Here are the volumes:

I created the FSxN file system and AD DC through the management console.
The following articles are helpful for AD DC configuration and domain joining:
The OU for the FSxN SMB server's computer objects and service accounts is OU=FSxN,DC=corp,DC=non-97,DC=net, and the service account name is FSxServiceAccount.
> New-ADOrganizationalUnit -Name FSxN -Path "DC=corp,DC=non-97,DC=net" -ProtectedFromAccidentalDeletion $True
> New-ADUser `
-Name "FSxServiceAccount" `
-UserPrincipalName "FSxServiceAccount@corp.non-97.net" `
-Accountpassword (Read-Host -AsSecureString "AccountPassword") `
-Path "OU=FSxN,DC=corp,DC=non-97,DC=net" `
-PasswordNeverExpires $True `
-Enabled $True
One important note when referencing these articles: you need to grant the service account permission to "set msDS-SupportedEncryptionTypes on computer objects" when delegating OU management. This wasn't required before but has become mandatory recently.
Without this permission, you'll get the following error when trying to join the SMB server to the domain:
::> cifs create -vserver svm -cifs-server SVM -domain corp.non-97.net -ou OU=FSxN,DC=corp,DC=non-97,DC=net
In order to create an Active Directory machine account for the CIFS server, you must supply the name and password of a
Windows account with sufficient privileges to add computers to the "OU=FSxN,DC=corp,DC=non-97,DC=net" container within
the "CORP.NON-97.NET" domain.
Enter the user name: FSxServiceAccount
Enter the password:
Error: Machine account creation procedure failed
[ 23] Loaded the preliminary configuration.
[ 75] Created a machine account in the domain
[ 75] SID to name translations of Domain Users and Admins
completed successfully
[ 76] Successfully connected to ip 10.0.1.11, port 88 using TCP
[ 78] Successfully connected to ip 10.0.1.11, port 464 using TCP
[ 124] Kerberos password set for 'SVM$@CORP.NON-97.NET' succeeded
[ 124] Set initial account password
**[ 143] FAILURE: Unable to set machine account attribute
** 'msDS-SupportedEncryptionTypes': Insufficient access
[ 147] Deleted existing account
'CN=SVM,OU=FSxN,DC=corp,DC=non-97,DC=net'
Error: command failed: Failed to create the Active Directory machine account "SVM". Reason: LDAP Error: The user has
insufficient access rights.
Since building this repeatedly would be cumbersome, I used AWS CDK to create resources for Bedrock Knowledge Bases, vector buckets, and S3 buckets for multimodal storage.
The code I used is available in this GitHub repository:
Attaching S3 Access Points to FSxN Volumes
Let's attach S3 Access Points to FSxN volumes. I'll do the same work for both NTFS and UNIX security style volumes.
First, for the NTFS volume:
Since it's NTFS, I specified Windows for the user type. I also specified Administrator as the username to access all files in FSxN. The access policy can be left empty since access is from the same account and will be authorized via IAM role.

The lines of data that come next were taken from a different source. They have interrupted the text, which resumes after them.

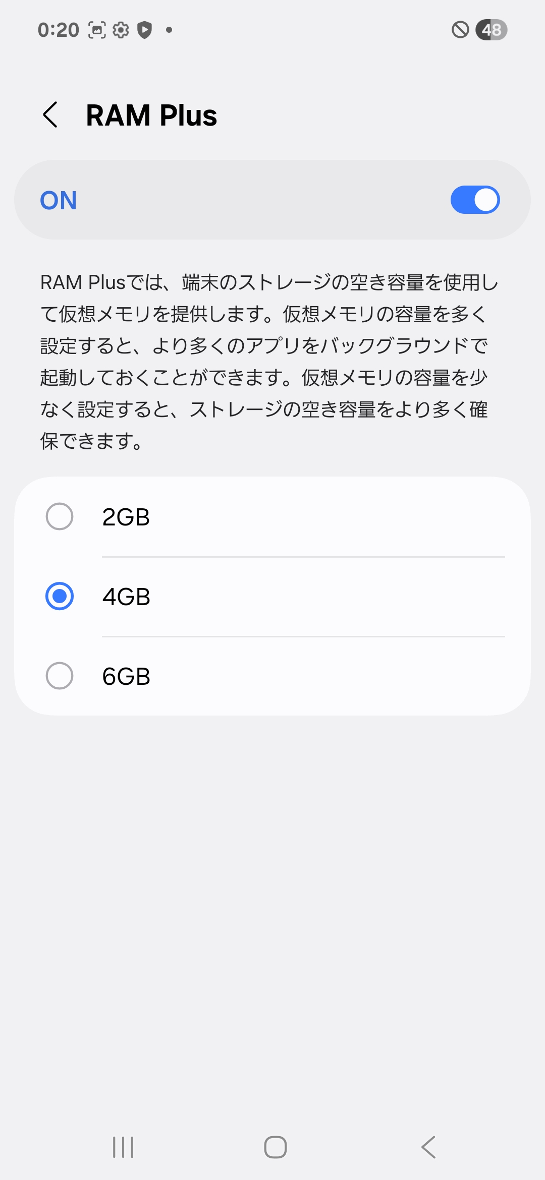 2025年に発売された機種ではどの機種でもメモリ拡張が可能になっています。Galaxy A36 5GでもRAM Plusという項目でメモリ拡張が可能です。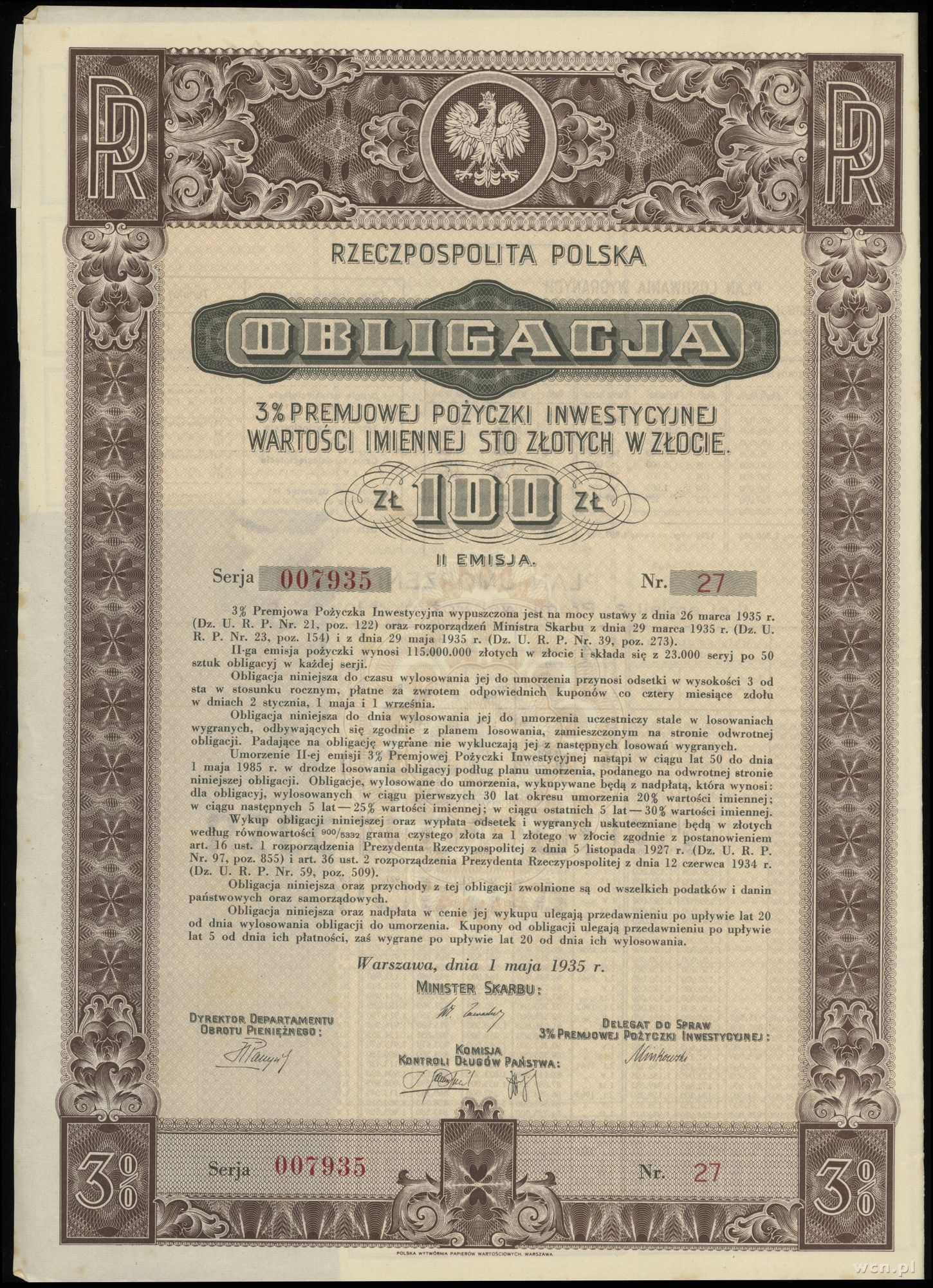 | Opis: | Rzeczpospolita Polska (1918–1939), Ministerstwo Skarbu, zestaw 2 obligacji 1934–1935, 1) obligacja 6% na 50 złotych w złocie 2.01.1934, Warszawa 2) obligacja 3% premjowej pożyczki inwestycyjnej wartości imiennej 100 złotych w złocie 1.05.1935, Warszawa, razem 2 sztuki, Moczydłowski 85 / Moczydłowski 94 |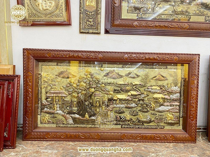 Mỗi bức tranh đồng cội nguồn quê hương tại Đúc đồng Dương Quang Hà mang trong mình một câu chuyện độc đáo. Những đường nét tinh tế chạm nổi khéo léo tái hiện cảnh quan thiên nhiên, đời sống quê hương Việt Nam, tạo nên một không gian sống động và chân thực.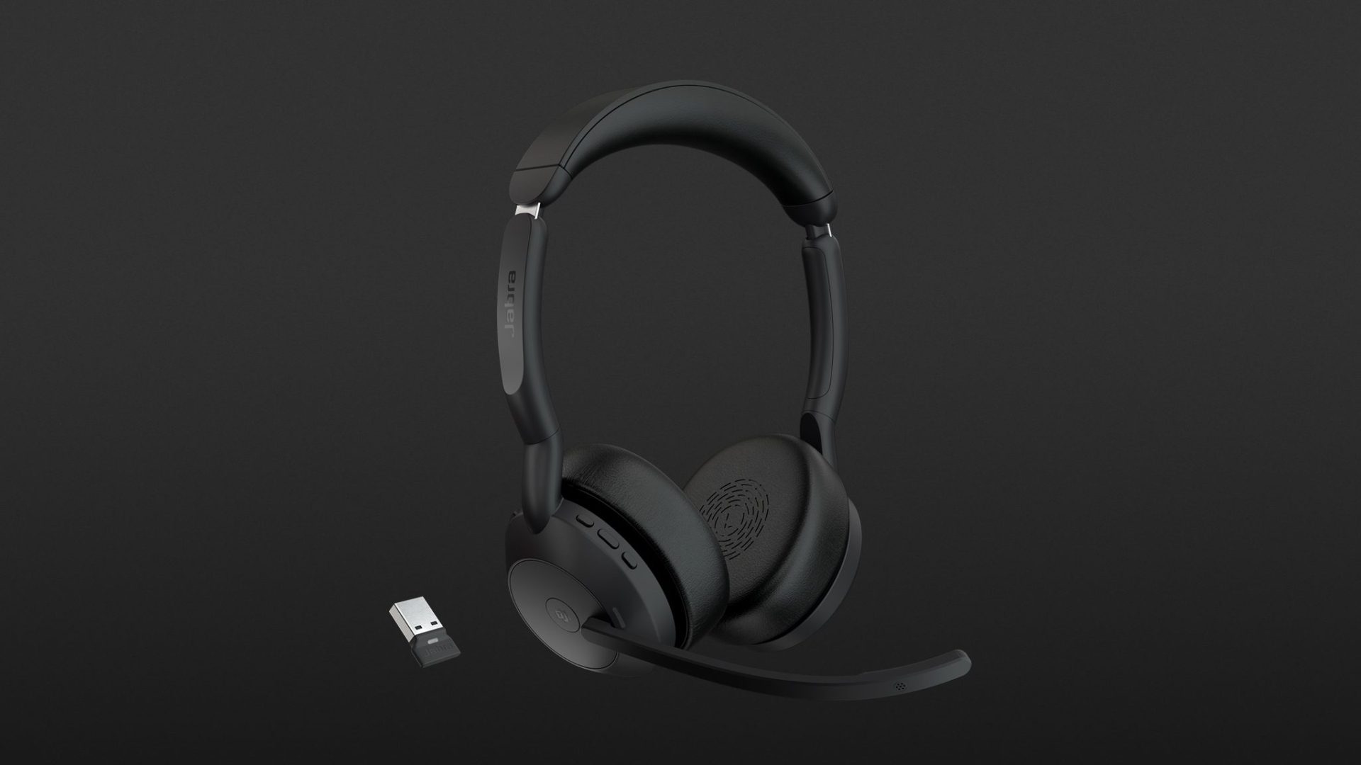 The Evolve2 55 is offered by Jabra in different configurations as a mono or stereo version. There are differences in the connection method, with USB-A or USB-C versions with a corresponding Bluetooth adapter and charging cable available. In addition, one version is certified for Microsoft Teams, whereas the UC model is tailored to Google Meet, Zoom and other common communications platforms. If you wish, you can also purchase the headset as a bundle with a desktop charger, although the docking station was also available separately.

This resulted in an error: Failed to lookup the provided user in ONTAP.

The AWS official documentation shows an ONTAP CLI command to check if a user exists:
vserver services access-check authentication show-creds -node FsxId0fd48ff588b9d3eee-01 -vserver svm_name -unix-user-name root -show-partial-unix-creds true
When I tried running it, it indeed showed an error:
::> set -privilege diagnostic
::*> vserver services access-check authentication show-creds -node FsxId0f6a3b21513fb2e32-01 -vserver svm -win-name Administrator
Vserver: svm (internal ID: 4)
Error: Get user credentials procedure failed
[ 0 ms] Using cached S-1-5-21-200422539-3497150653-4195399322-500
to 'SVM\Administrator' mapping
**[ 0] FAILURE: Account is disabled for local user
** 'Administrator'
[ 0] Could not get credentials for Windows user
'Administrator' or SID
'S-1-5-21-200422539-3497150653-4195399322-500'
Error: command failed: Failed to get user credentials. Reason: "cifs: user or machine account is disabled".
Based on the error, it seems Administrator alone is being interpreted as the SVM's local Administrator, which is disabled.
As a solution, I'll try explicitly specifying the domain Administrator user as CORP\Administrator.
::*> vserver services access-check authentication show-creds -node FsxId0f6a3b21513fb2e32-01 -vserver svm -win-name CORP\Administrator
UNIX UID: root <> Windows User: CORP\Administrator (Windows Domain User)
GID: daemon
Supplementary GIDs:
daemon
Primary Group SID: CORP\Domain Users (Windows Domain group)
Windows Membership:
CORP\Domain Users (Windows Domain group)
CORP\Domain Admins (Windows Domain group)
CORP\Group Policy Creator Owners (Windows Domain group)
CORP\Enterprise Admins (Windows Domain group)
CORP\Schema Admins (Windows Domain group)
CORP\Denied RODC Password Replication Group (Windows Alias)
Service asserted identity (Windows Well known group)
BUILTIN\Users (Windows Alias)
BUILTIN\Administrators (Windows Alias)
User is also a member of Everyone, Authenticated Users, and Network Users
Privileges (0x22b7):
SeBackupPrivilege
SeRestorePrivilege
SeTakeOwnershipPrivilege
SeSecurityPrivilege
SeChangeNotifyPrivilege
It appears to recognize the user properly now.
Let's attach the S3 Access Point using this:


This time it completed successfully. The creation process took only about 10 seconds.
I'll also do this for the UNIX volume. The username is root.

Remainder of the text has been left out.